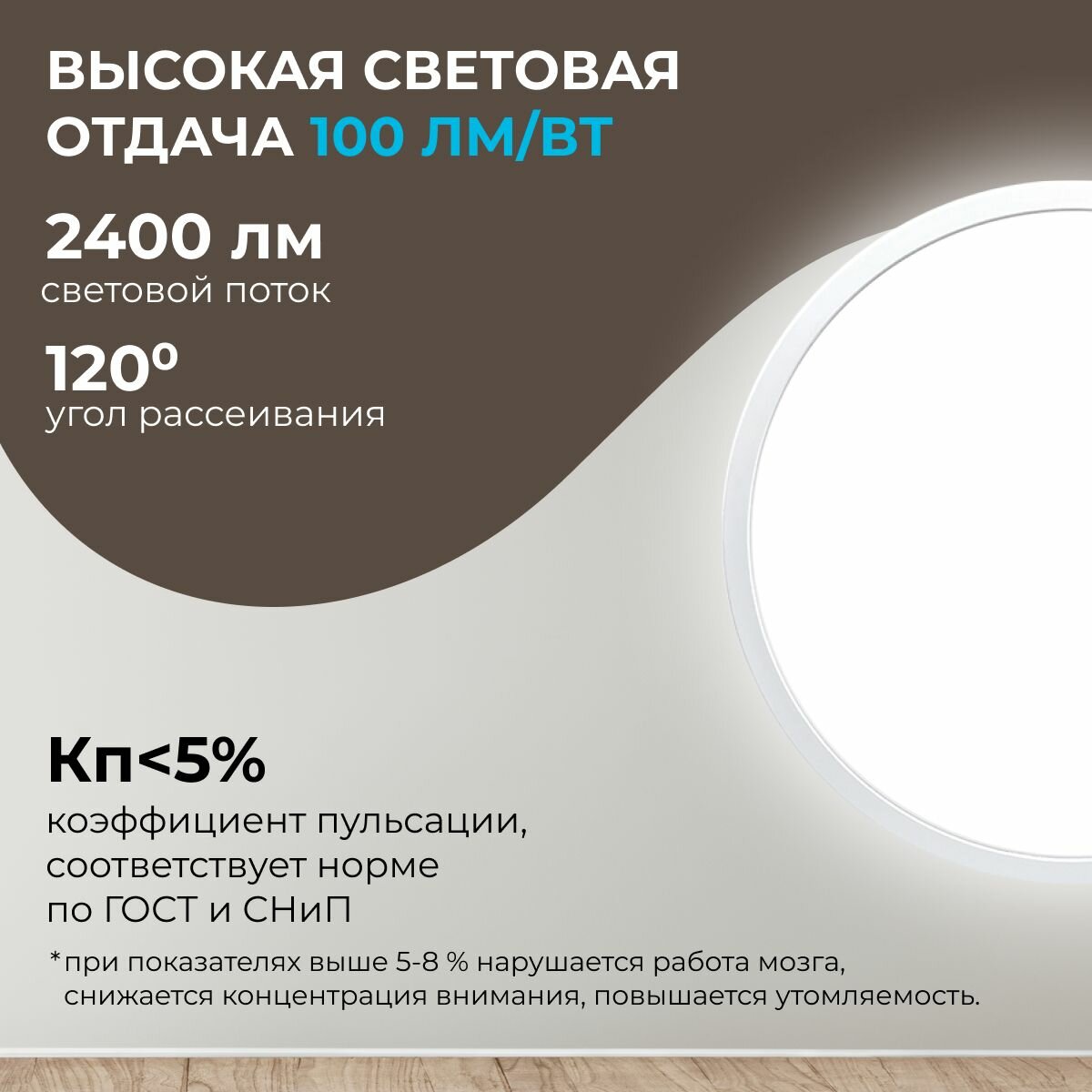 Светильник потолочный светодиодный накладной Apeyron 18-125, SPIN, 24Вт, 230В/50Гц, 2400лм, 4000К, 230х25,круг,белый
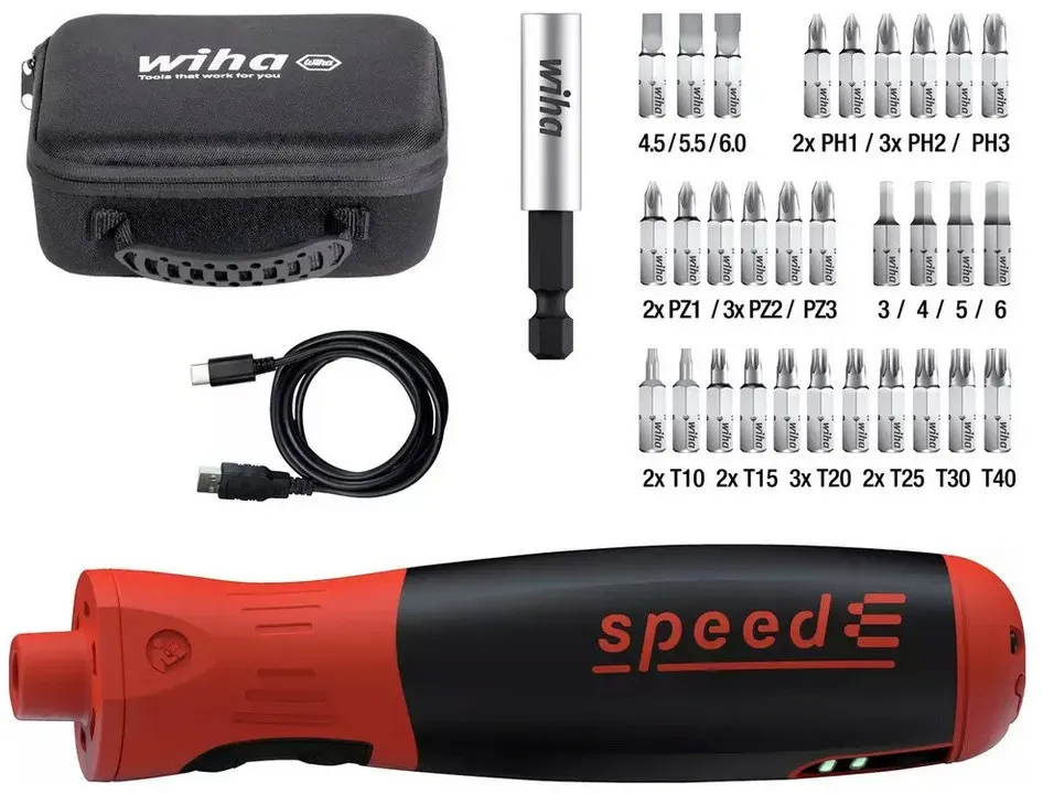 Kategorie: Schraubenzieher - Wiha - GTIN:4010995457914 - Maßangaben Länge , 10.00 cm, Breite , 5.00 cm, Höhe , 1.27 cm, Gewicht , 0.97 kg, Hinweise Hersteller , , - 69,38 Euro bei OTTO - gefunden von billiger.de contorion.de bietet ein 31-teiliges Set mit Bit-Set, Box und Tasche für 69.98 Euro an, was eine umfassende Lösung darstellt. ![]() ![]() Wiha elektrischer Schraubendreher speedE PocketDrive 31-tlg., mit Bit-Set in Box und Tasche, 1,0 Nm + 5,0 Nm, Akkuschrauber in Aufbewahrungsbox mit US (45791)
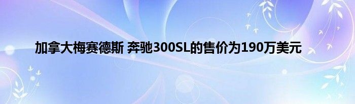 在梅赛德斯-奔驰300SL鸥翼仍然是最具收藏价值的一个跑车的时代特点,以及RK汽车夏洛特只是在私下出售出售1954例如一些有趣的加拿大出处为$ 190万。该公司认为这是自54年以来在Barett-Jackson拍卖会上以220万美元拍卖的最高价格。
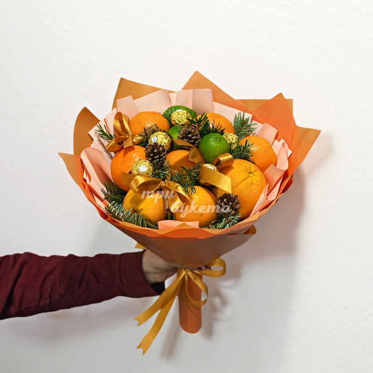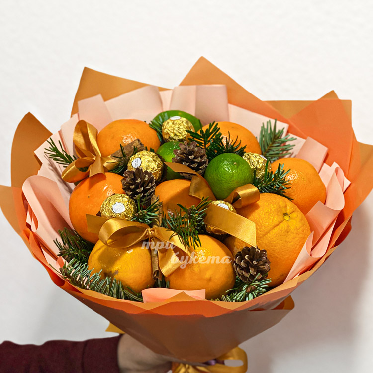 Зимний букет из мандаринов и ели
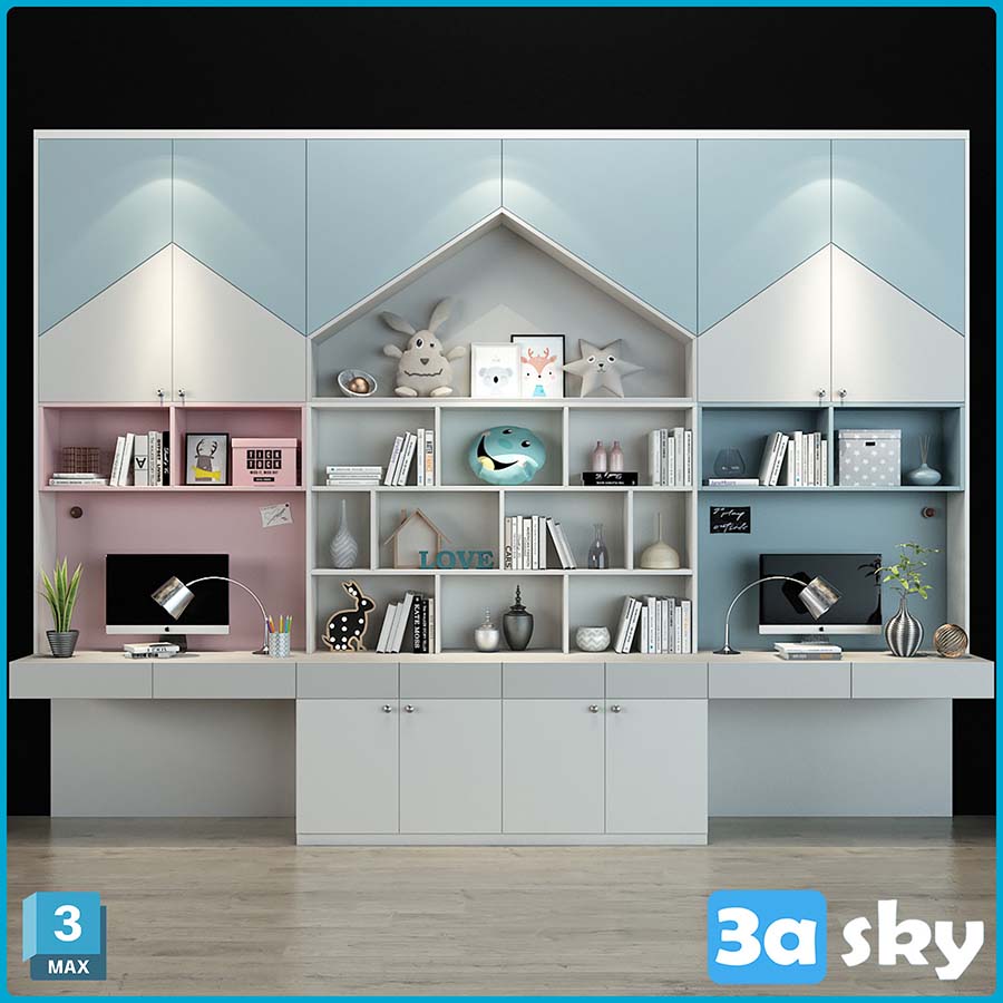 This 3D model features a collection of furniture specifically designed for children's rooms. It includes items such as desks, chairs, beds, and toy storage units, all tailored to create a playful and functional space for kids. The design is colorful and engaging, perfect for a vibrant and imaginative playroom setting.
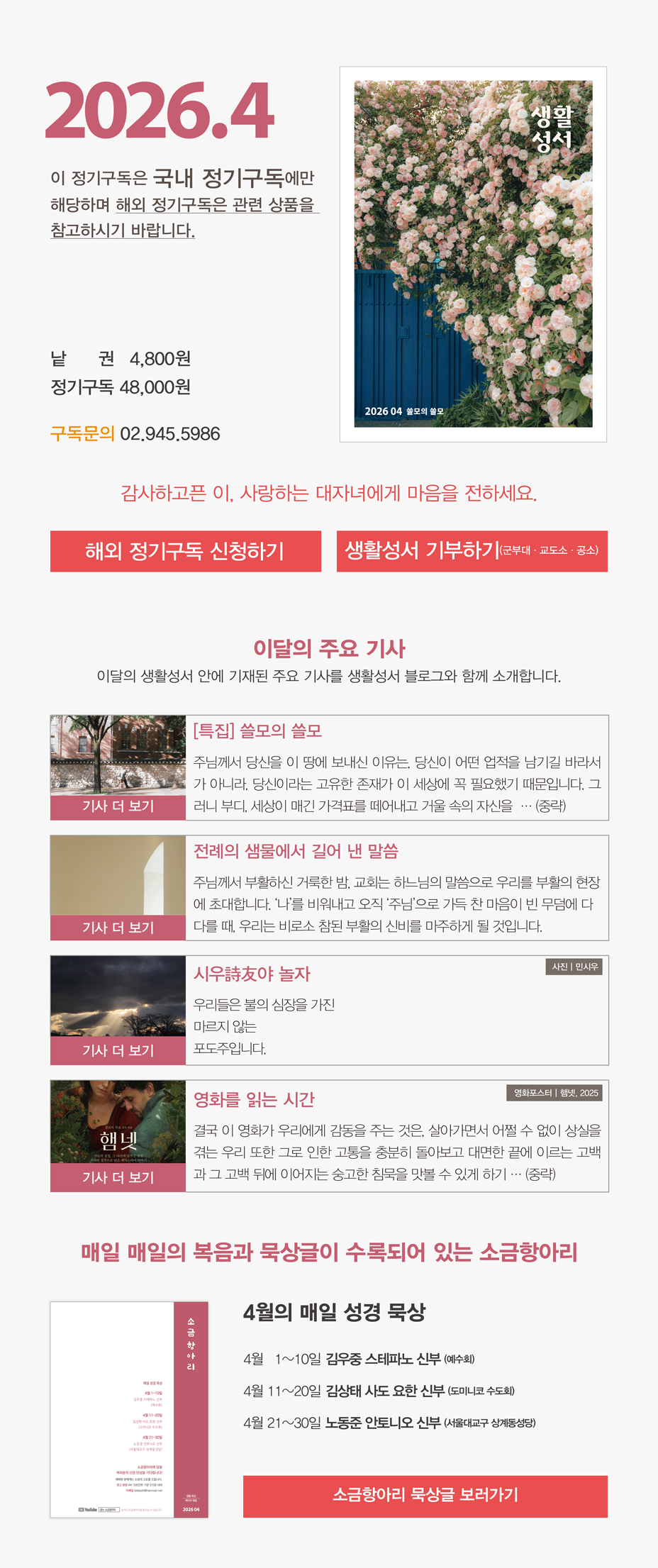 매달 받아보는 『생활성서』는 정성과 사랑이
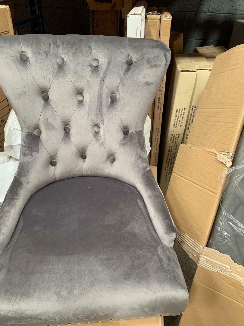 - A stylish and elegant addition with chrome French-style legs and plush grey velvet upholstery.
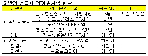 올해 하반기 공모형 프로젝트파이낸싱(PF)개발사업은 메이저 시행기관이던 한국토지공사와 대한주택공사 대신 지자체가 주도할 전망이다.
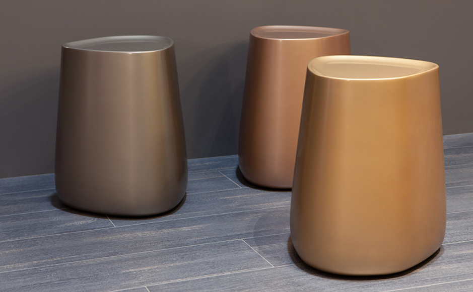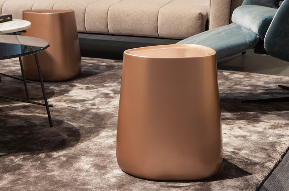Pico is light and strong, discreet and functional. Its curvy, harmonious and smooth shapes make it an elegant and functional furnishing accessory.Pico’s structure is cold-cured with high density foams. It comes in three different finishes: gold, silver, bronze and black.It can be easily moved around the room thanks to a leather handle.
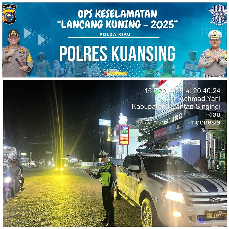 Kapolres Kuantan Singingi AKBP Angga F. Herlambang, S.I.K., S.H., melalui Kasat Lantas Polres Kuansing, AKP A. Ramadhan, S.H., M.Si., menyampaikan “Patroli dimulai pukul 20.00 WIB hingga selesai, dengan menyasar sejumlah ruas jalan utama di Kota Teluk Kuantan dan sekitarnya, termasuk Jalan Ahmad Yani, Jalan Proklamasi, Jalan Jenderal Sudirman, dan Jalan Diponegoro di Kecamatan Kuantan Tengah. Selain itu, patroli juga diperluas ke jalan lintas Teluk Kuantan-Pekanbaru yang sering menjadi jalur lalu lintas utama masyarakat,” ujar Kasat.
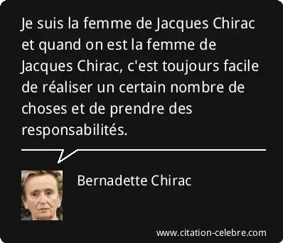 Je suis la femme de Jacques Chirac et quand on est la femme de Jacques Chirac, c'est toujours facile de réaliser un certain nombre de choses et de prendre des responsabilités.
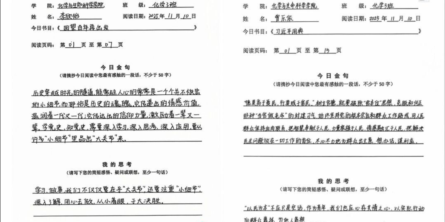 为保障活动实效,学院成立读书活动指导小组,定期巡查活动开展情况。活动结束后,各班还将精选优秀摘抄卡装订成《班级阅读札记》,制作包含精彩瞬间、师生采访、成果展示的主题视频,参与院级与校级评优。优秀班级不仅将获得荣誉证书,其经验做法还将被广泛推广,发挥榜样引领作用。

◆ **What the exercise asks**
Your answer must be the exact lines from the start of the data through the line with "올해 하반기 공모형 프로젝트파이낸싱(PF)개발사업은", inclusive, and nothing else; pictures do not belong in it.

◆ **Your solution**
 Светильник потолочный светодиодный накладной Apeyron 18-125, SPIN, 24Вт, 230В/50Гц, 2400лм, 4000К, 230х25,круг,белый
 Kategorie: Schraubenzieher - Wiha - GTIN:4010995457914 - Maßangaben Länge , 10.00 cm, Breite , 5.00 cm, Höhe , 1.27 cm, Gewicht , 0.97 kg, Hinweise Hersteller , , - 69,38 Euro bei OTTO - gefunden von billiger.de contorion.de bietet ein 31-teiliges Set mit Bit-Set, Box und Tasche für 69.98 Euro an, was eine umfassende Lösung darstellt. ![]() ![]() Wiha elektrischer Schraubendreher speedE PocketDrive 31-tlg., mit Bit-Set in Box und Tasche, 1,0 Nm + 5,0 Nm, Akkuschrauber in Aufbewahrungsbox mit US (45791)
 在梅赛德斯-奔驰300SL鸥翼仍然是最具收藏价值的一个跑车的时代特点,以及RK汽车夏洛特只是在私下出售出售1954例如一些有趣的加拿大出处为$ 190万。该公司认为这是自54年以来在Barett-Jackson拍卖会上以220万美元拍卖的最高价格。
 Зимний букет из мандаринов и ели
 This 3D model features a collection of furniture specifically designed for children's rooms. It includes items such as desks, chairs, beds, and toy storage units, all tailored to create a playful and functional space for kids. The design is colorful and engaging, perfect for a vibrant and imaginative playroom setting.
 매달 받아보는 『생활성서』는 정성과 사랑이
 - A stylish and elegant addition with chrome French-style legs and plush grey velvet upholstery.
 올해 하반기 공모형 프로젝트파이낸싱(PF)개발사업은 메이저 시행기관이던 한국토지공사와 대한주택공사 대신 지자체가 주도할 전망이다.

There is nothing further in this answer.